Speaker: Piotr Faliszewski (AGH University of Science and Technology)
Title: Distance Rationalizability: Information Merging through Consensus Seeking
Voting can be seen through the lenses of information merging. We receive "the information" in the form of preference orders of agents (where the agents may be people voting for the president, robot's sensors trying to decide on its location, consumers expressing their desire for particular items, etc.), and our goal is to "merge" this information into a global view (the elected president, the robot's location, the item our company should produce). In this talk we will present distance rationalizability approach, a framework for defining voting rules that particularly well fits into this information merging view of voting. There are two major components to the distance rationalizability approach: the notion of a consensus (that is, of an election with a clear, undisputed winner), and the notion of a distance between elections. A voting rule R is distance rationalizable if one can provide a notion of a consensus and a notion of distance such that for every election E, voting rule R picks the canidate(s) that win in the nearest consensus. We will show that many (in fact, almost all) natural voting rules are distance rationalizable, we will show classic results on universal distance rationalizability and argue that distance rationalizations should be judged by the properties of the consensus and distance notions they involve. We will show that many properties of voting rules can be derived from the properties of their underlying rationalizations. Finally, we will show how distance rationalizability allows one to seamlessly create multiple variants of different voting rules, and we will show that distance rationalizability provides connections between apparently very different rules.

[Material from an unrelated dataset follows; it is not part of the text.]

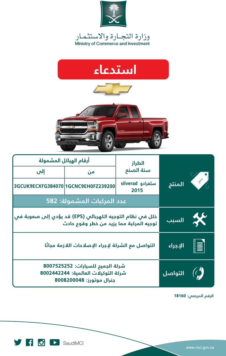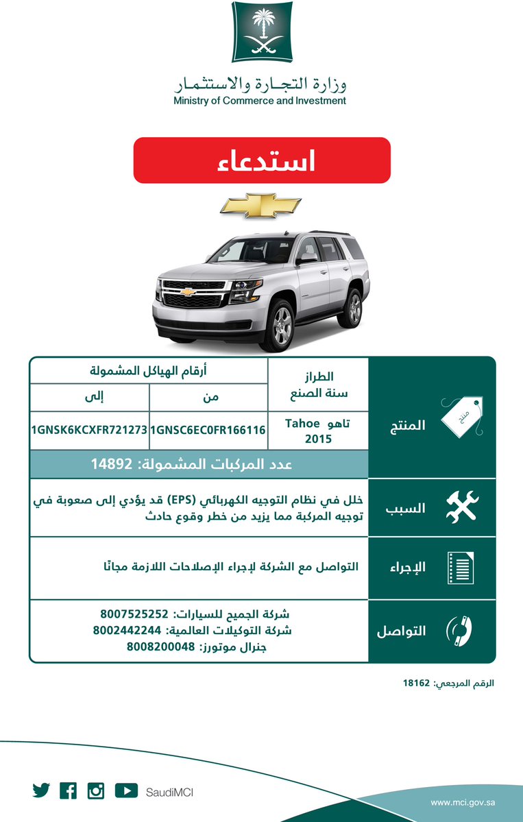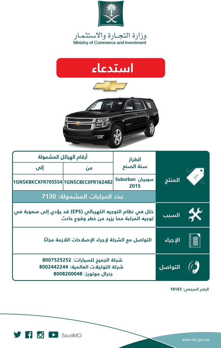 وبلغ عدد سیارات سوبربان المستدعاة، 7130 مركبة، و14892 مركبة تاھو، و582 مركبة سلفرادو، و10721 مركبة يوكن، و970 مركبة سكالید، و3505 مركبات سییرا ودعت الوزارة مالكي ھذا النوع من المركبات لمراجعة الوكلاء (شركة الجمیح للسیارات، شركة التوكیلات العالمیة، جنرال موتورز)؛ لإجراء الإصلاحات اللازمة مجاناً.

Speaker: Nhan-Tam Nguyen (University of Dusseldorf)
Title: Approximability of optimal social welfare in multiagent resource allocation with cardinal and ordinal preferences
Multiagent resource allocation deals with the assignment of indivisible and nonshareable goods to agents. Agents express their preferences cardinally in the form of utility functions. Given an allocation, we can aggregate the agents' utility values using the sum (utilitarian social welfare), minimum (egalitarian social welfare) or product operator (Nash product). Since for most cases computing allocations with maximum social welfare is NP-hard, we resort to approximation algorithms. We survey recent approximability and inapproximability results on social welfare optimization. After that we focus on the approximation of social welfare in the more restrictive model of scoring allocation rules, where agents preferences are expressed in ordinal form. Even in this restricted setting social welfare optimization is still computationally hard. Instead of classical approximation algorithms we turn to picking sequences, whose advantage is that they avoid preference elicitation. We study the loss incurred by the application of the picking sequence with respect to an optimal allocation. This is in part joint work with Dorothea Baumeister, Sylvain Bouveret, Jérôme Lang, Trung Thanh Nguyen, Jörg Rothe, and Abdallah Saffidine.
Speaker: Yann Chevaleyre (LIPN, Paris-Nord)
Title: Multiagent Allocation of Indivisible Goods: Survey and Open Questions
Traditionally, allocating goods to agents is done by a central authority by solving a combinatorial optimization problem. When no such authority exist, agents can negotiate and share resources in a decentralized manner. Since the last 15 years, there have been many researches on this topic, both investigating the efficiency and fairness of the decentralized solutions. This talk will survey this literature, and try to make the link between both the centralized and decentralized approaches.